Intramural referees face the frustration of peer competitors
October 4, 2000
The venom that spews out of their mouths would make an old sailor smile. They are intense. They are barbaric.
Who are they?
The sons and daughters of old seamen? Uneducated cretin?
Try the flag-football participants right here at Iowa State.
And these students’ wrath is directed at their peers – the intramural referees.
It’s playoff time now, and flag-football is the most abrupt form of post-season.
Single elimination.
Some teams are upset. Some tried to fool the refs by ranking themselves in a lower ability division than they actually deserved.
There are four classes: “A” is for beginners. “D” is for the people who narrowly missed making the actual football team.
But don’t try to put this past the keen, performance-evaluating eyes of Ben Bergman.
You will be ranked accordingly.
Bergman, junior in animal ecology, and all other referees get their talent know-how “from the pre-lim games; that’s how you know if they’re downgrading,” remarked Bergman. “We have moved a few,” he added.
With the playoffs now in full-force, the refs need to bring their thick skin with them.
Lyle Fedders, freshmen in history, believes the playoffs bring out the worse in players’ mouths.
On Tuesday, one hot-headed player got in Fedder’s face during the game and “asked me if I wanted to [bleepin’] fight him. He asked if I had any [bleepin’] nuts.”
This potty-mouth was not ejected, but Bergman hasn’t put it beyond himself to show someone the road.
He tossed one participant that was “swearing, and then [he] threw a forearm” at someone of the opposing team.
Jason Buck, junior in computer engineering, said that in a game he was refereeing on Monday, “a guy threw a punch.” Luckily, the blow missed its target.
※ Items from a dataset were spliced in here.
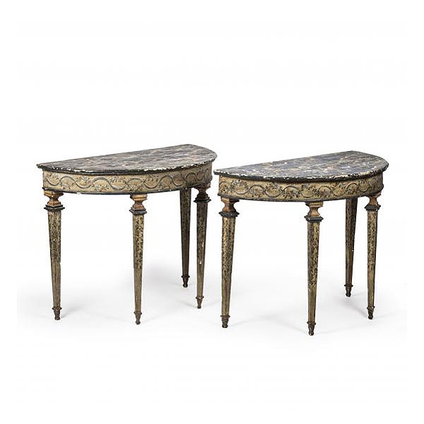 Pareja de consolas italianas de media luna de estilo neoclásico en madera policromada con decoración de guirnaldas y tapas marmorizadas, de finales del siglo XIX
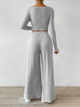 Ribbed Knit Crop Top and Wide Leg Pants Set - Light Gray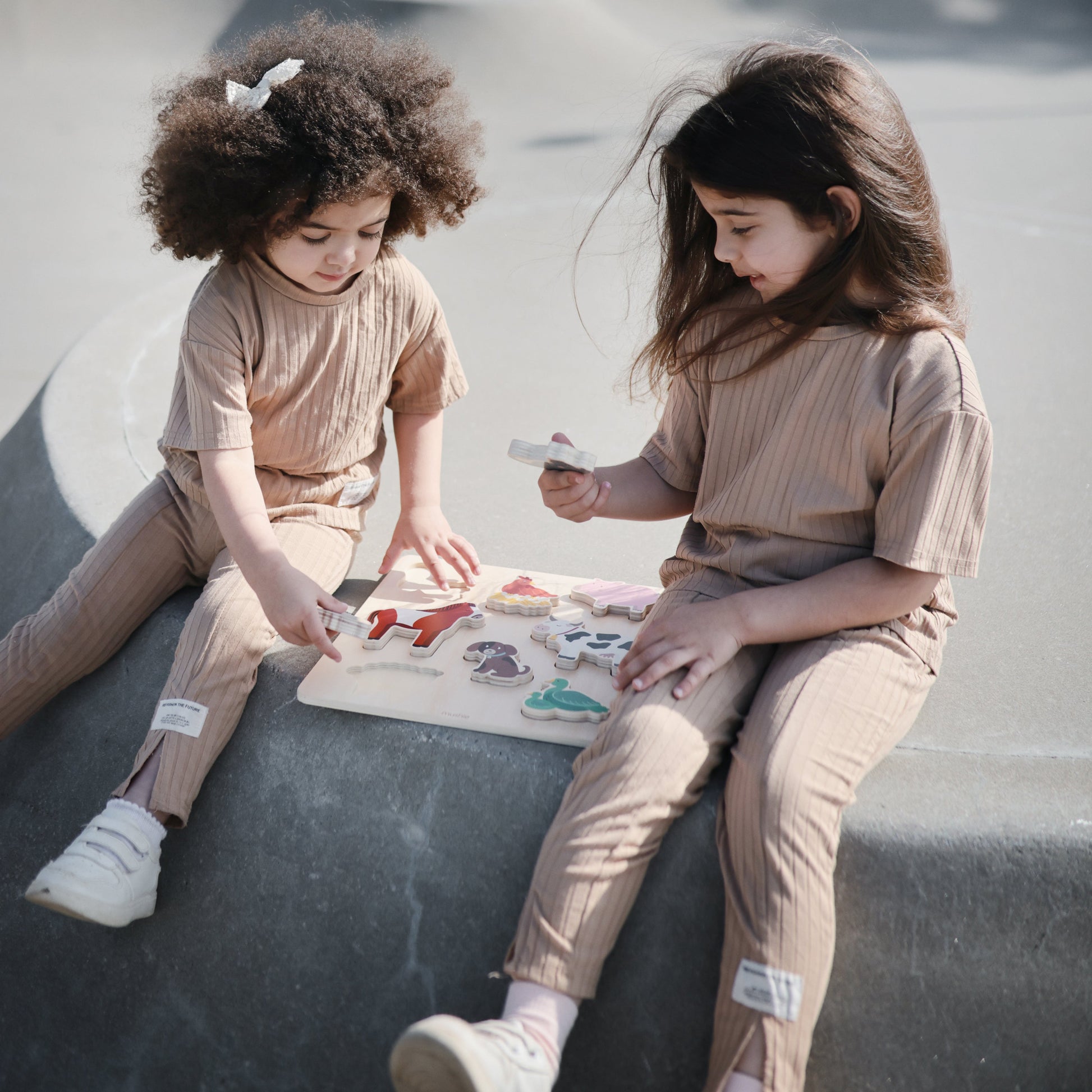 Introduce children to farm animals with Mushie's wooden farm puzzle. Crafted from FSC certified wood and non-toxic paint, this is a timeless toy designed to help teach little learners colors and spatial reasoning. The set includes eight barnyard animal themed pieces with smooth edges that are made for tiny hands. Littles will improve fine motor skills and hand-eye coordination as they grasp, manipulate and fit the pieces into their corresponding slots.

Otherwise Buck believes “that would have hurt.”
This boxer-in-waiting was given a 15-yard penalty.
It gets worse.
“We called the game,” Fedders said. He is speaking of another team that spoke and acted with such vulgarity on Monday that the contest ended with the other team holding a 13-point lead with one minute still showing on the clock.
If flag-footballers are this tough on the male refs, imagine what they must say to someone like Pam Baker.
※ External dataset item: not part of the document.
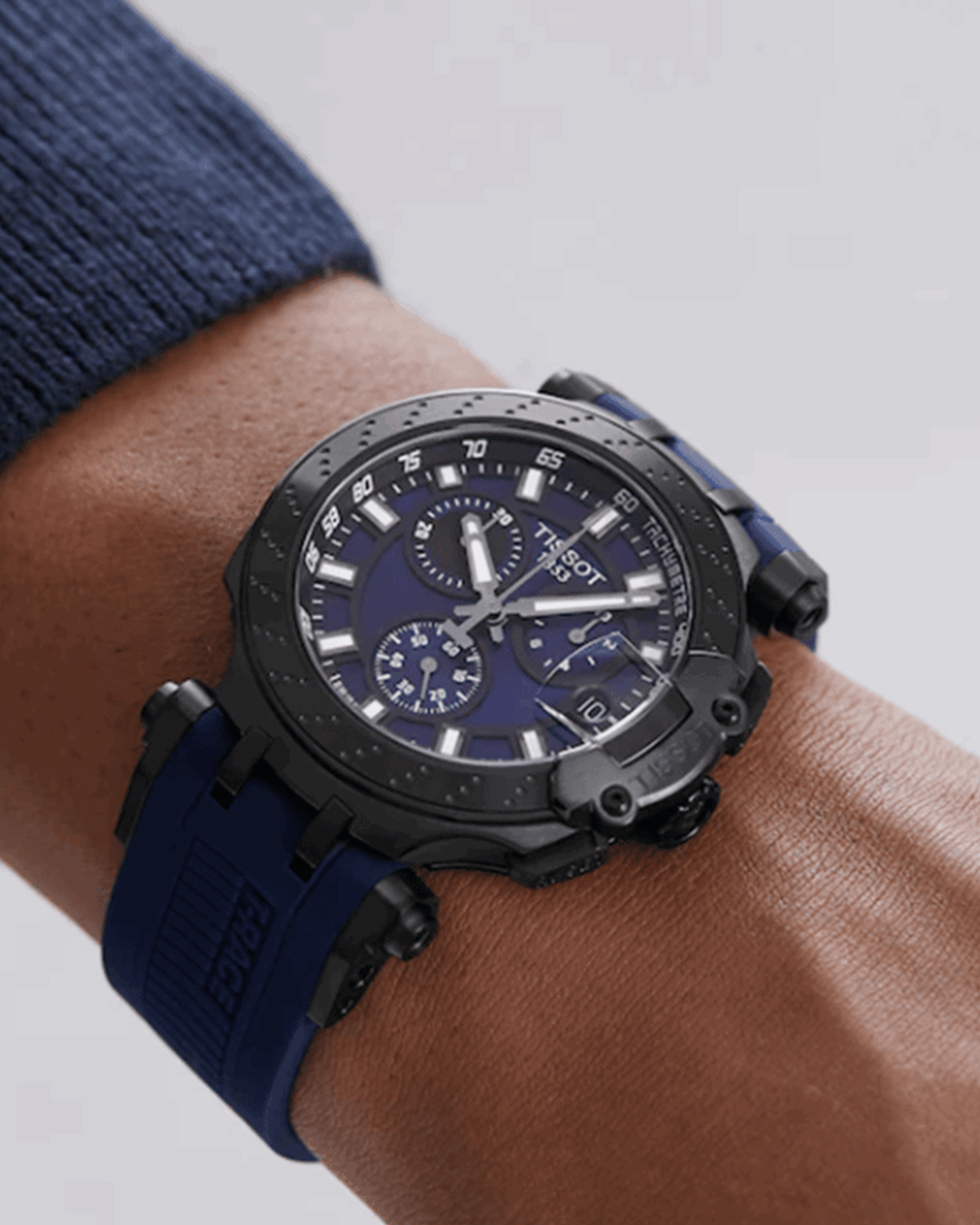 Its 22mm strap with a secure pin buckle closure ensures a comfortable and stable fit. Measuring 12mm in thickness, the T-Race balances a strong wrist presence with refined ergonomics.

“I’ve been told to go ref volleyball,” Baker said. But mostly she gets incredulous glances.
That statement seems to be unfounded. Baker is good at what she does. She is certified to referee junior high and junior varsity football, and plans to add softball and basketball to her resume.
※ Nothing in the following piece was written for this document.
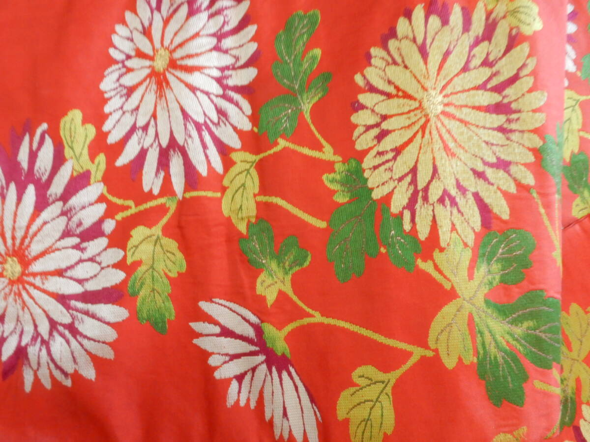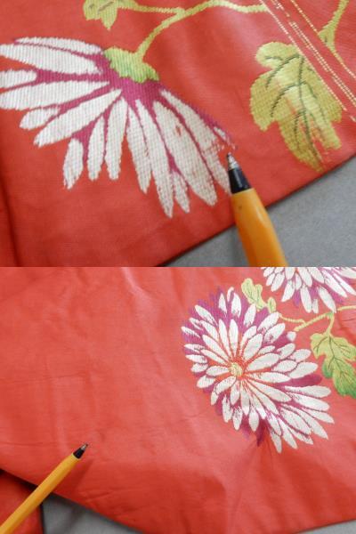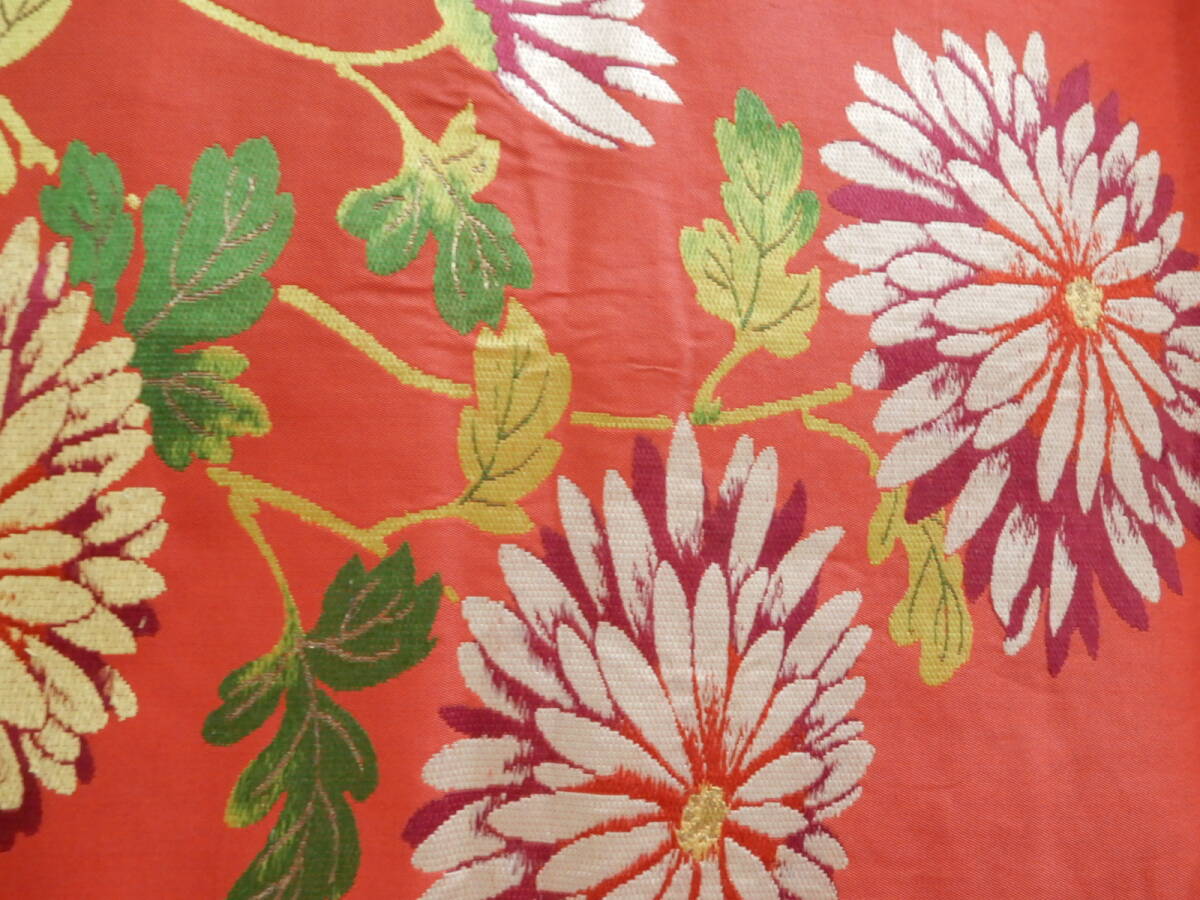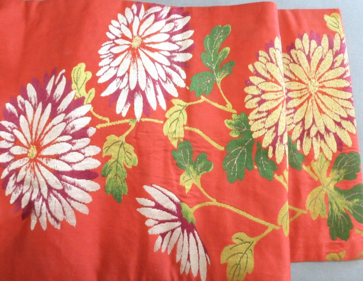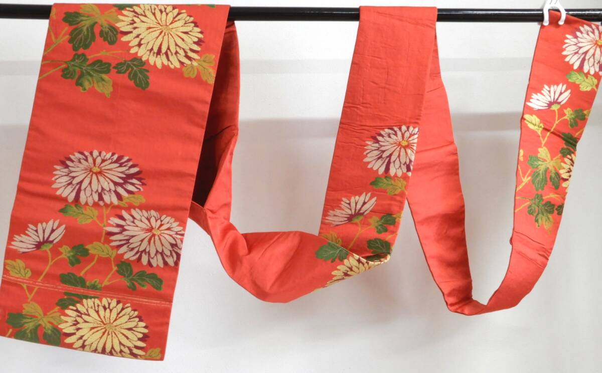 <銀の斧>正絹・アンティーク名古屋帯・昭和レトロ帯・和名 火色・赤色に菊花

Mike Stitt, junior in advertising, believes the refs need to lighten up.”They’re too picky,” Stitt said. “This is an intramural game on a weekday afternoon, not Super Bowl Sunday.”
For $6.25 an hour, the refs’ pickiness does not stem from the cash in their pockets. Instead, most do it because it is a good way to “stay active,” as Baker put it.
And when a call is missed, these ruthless souls do find it in their hearts to make it up to the other team by blowing a quick whistle to an otherwise unnoticed offense.
“It may sound bad, but most players are okay with it,” said Buck, who admitted this is an act he is guilty of.
If Buck is faced on Saturday between siding with the Cyclones or agreeing with the refs on a difficult call that goes Nebraska’s way, Buck said he would be “100% behind the referees.”